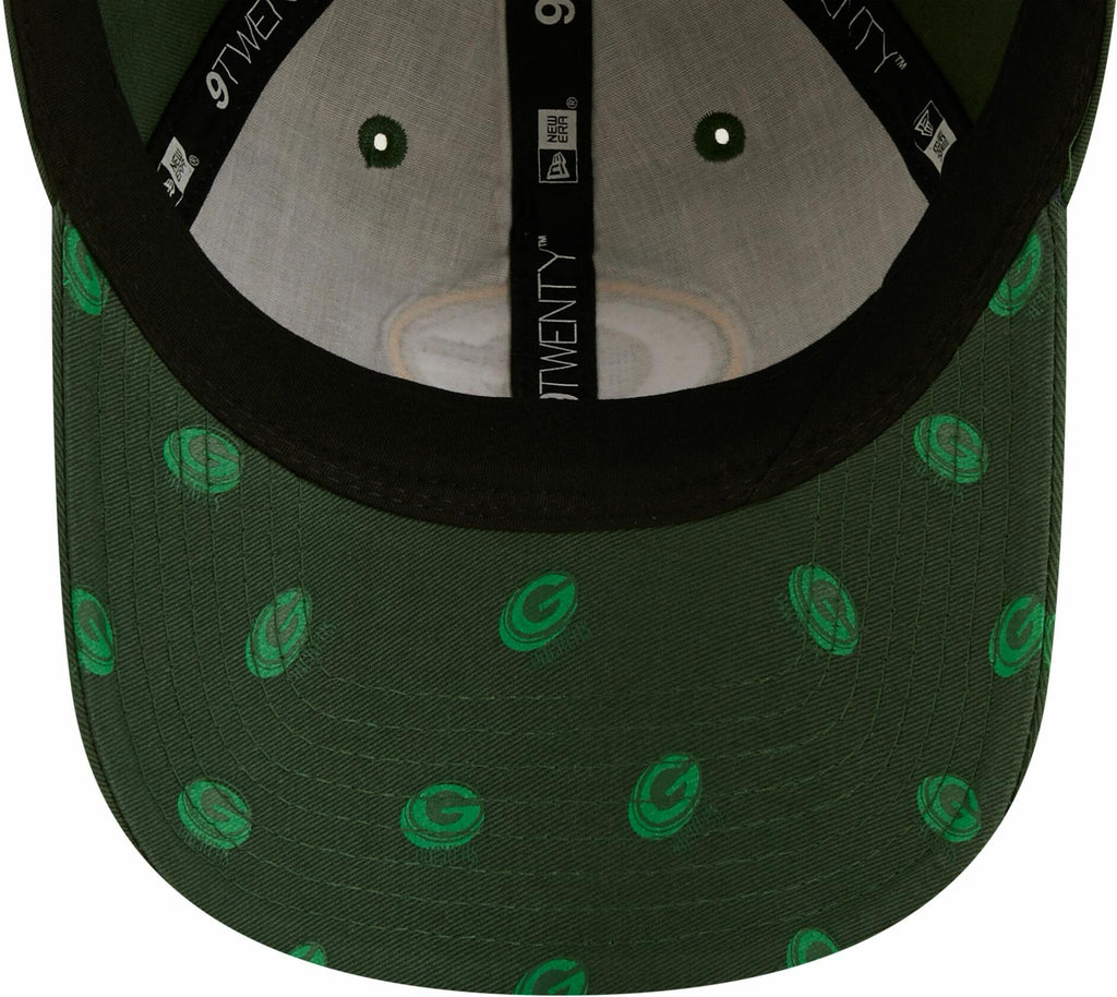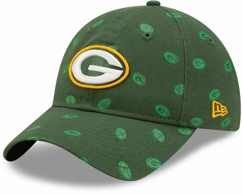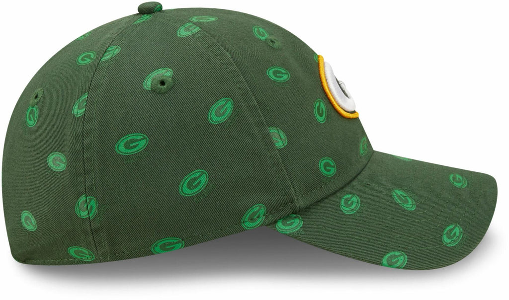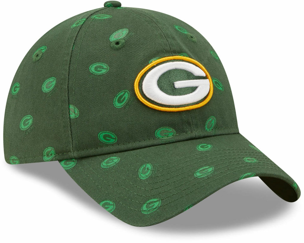 This Green Bay Packers Logo Scatter 9TWENTY Hat features an all-over print team logo with an embroidered team logo on the front panels. Adjustable strapback, one size fits most (women).
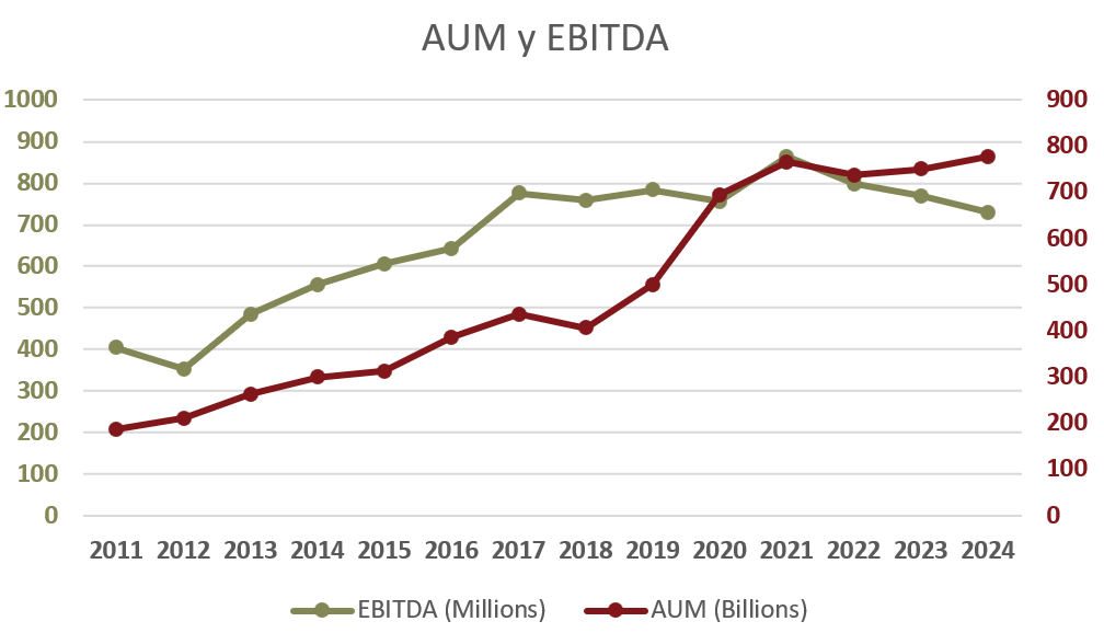 Para ello veamos la correlación entre los AUM y el EBITDA, que ya tiene en cuenta tanto los ingresos como los costes operativos de la compañía:
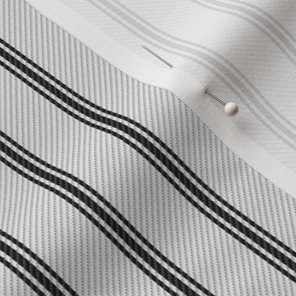 Medium Coal Black Antique Vintage Mattress Ticking Stripe on Cream Lumbar Throw Pillow
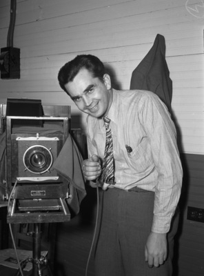Personalities in the local draft news Tuesday because theirs were among the first numbers drawn from the historic goldfish bowl in Washington, D.C. Among the Tarrant County men whose numbers were called in the draft shown here is Charles Gregory Johnston, 32, of Arlington, Texas (Area 8), the ninth in the selective service lottery. Mr. Johnson is posing with his camera with hand on the shutter, and he is wearing a long sleeve shirt, a patterned tie, and pants. Published in the Fort Worth Star-Telegram morning edition, October 30, 1940.
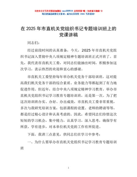 / 在2025年市直机关党组织书记专题培训班上的党课讲稿
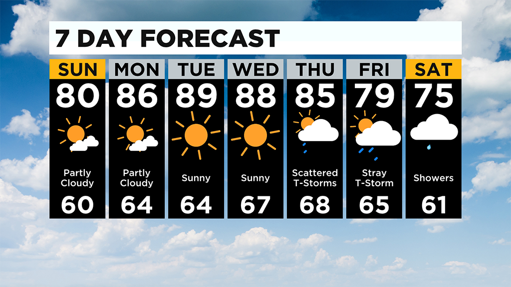 We stay dry and sunny all the way until Thursday where a few showers are possible and even a thunderstorm.
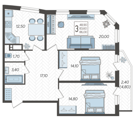 Продается 3-х комн. новостройка, 86.3 кв.м., 10/16 эт
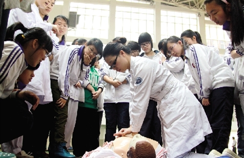 【急救知识进课堂】 5月11日上午,在“5·12”国际护士节和全国“防灾减灾日”前夕,当天,我院20多位医护人员走进温岭中学,开展气管异物急救、溺水急救、触电急救等急救理论知识培训,还在该校五龙体育馆内手把手教会学生学习心肺复苏术操作方法。
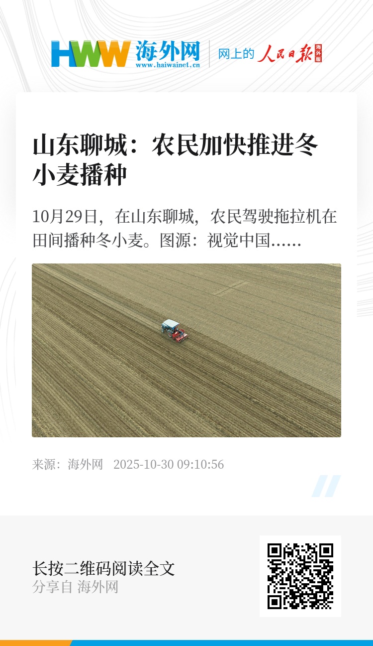 32904727,.山东聊城:农民加快推进冬小麦播种,.2025-10-30 09:25:56,.204555,.陈菲扬、姚凯红
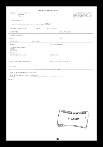 DATE OF IS CLAIM 19/04/2007 DATE OF IS ENT 27/03/2007
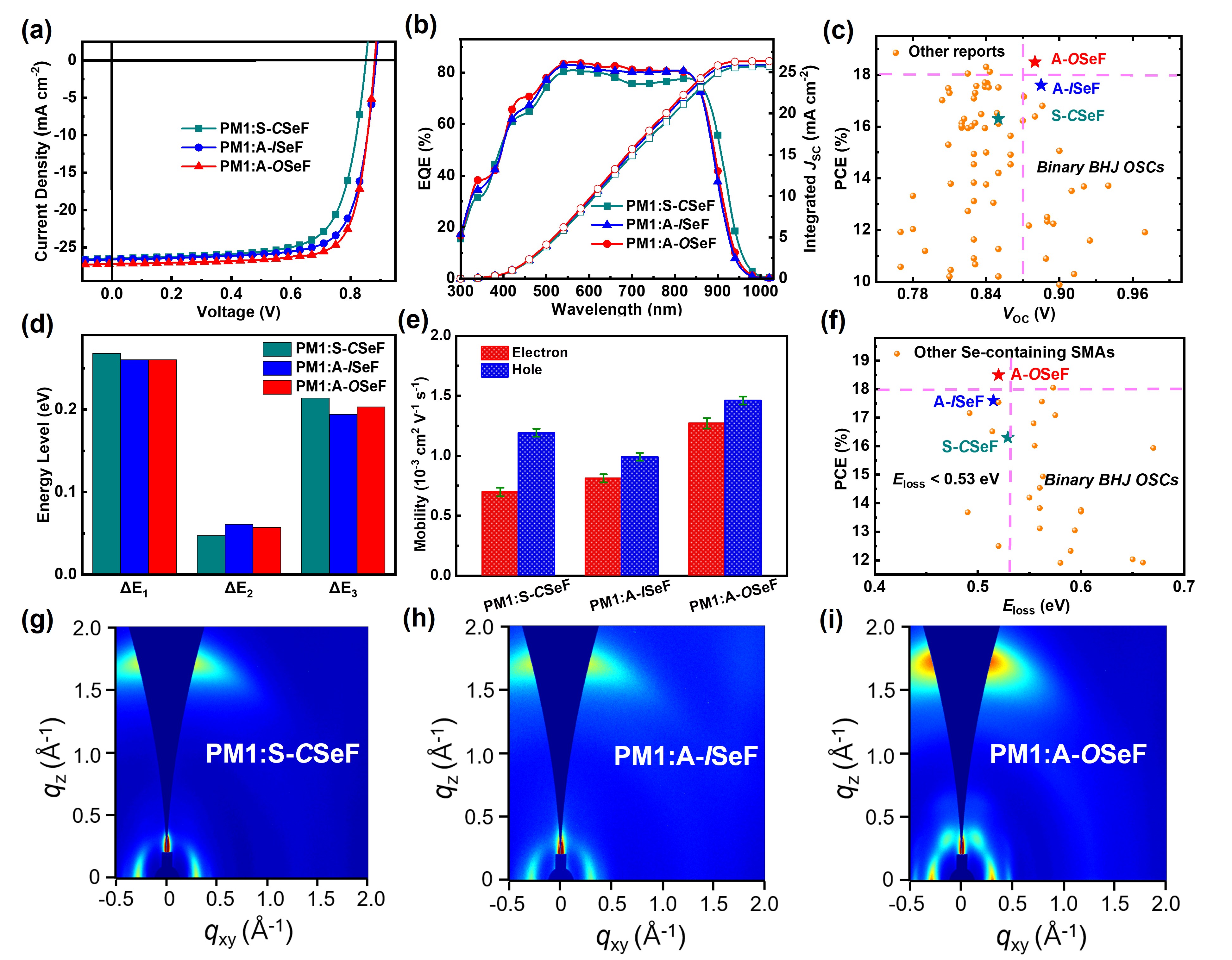 单晶堆积图显示,相比于S-CSeF和A-ISeF,基于最外侧硒取代核心的不对称A-OSeF由于额外的分子内Se-O和分子间F-Se非共价作用的存在,呈现出了平面性更强的分子骨架、更紧密更有序的3D网络堆积,促进了更高效的电子传输通道的形成。从S-CSeF到A-ISeF, 再到A-OSeF,随着单硒原子取代位置的外移,相应纯膜的光学带隙逐渐变宽、结晶性逐渐增强、电子迁移率逐渐增大。将其分别和商品化聚合物给体PM1共混后,基于A-OSeF的二元电池光电能量转换效率高达18.5%,明显高于基于A-ISeF(17.6%)和S-CSeF(16.3%)的器件结果。其性能的提升主要归因于A-OSeF抬升的LUMO能级以及最优的纳米纤维共混形貌和分子堆积,进而促进了更有效的激子产生和收集以及显著抑制了能量损失。值得一提的是,18.5%的光电能量转换效率是报道时基于硒取代小分子受体二元本体异质结型有机太阳能电池的效率记录值。综上,这项系统性的工作不仅证明了SMAs中硒取代位置和硒杂芳环类型的调控在优化晶体堆积行为和促进硒取代受体高效率和低能量损失平衡中的协同作用和重要性,而且对未来发展高性能的SMAs的协同设计原则提供了新的见解。

..........

Try it | Repeat the exact lines from the first line of the data through the line containing "Para ello veamos". Nothing else, no pictures.

Response to the exercise |
 This Green Bay Packers Logo Scatter 9TWENTY Hat features an all-over print team logo with an embroidered team logo on the front panels. Adjustable strapback, one size fits most (women).
 Para ello veamos la correlación entre los AUM y el EBITDA, que ya tiene en cuenta tanto los ingresos como los costes operativos de la compañía:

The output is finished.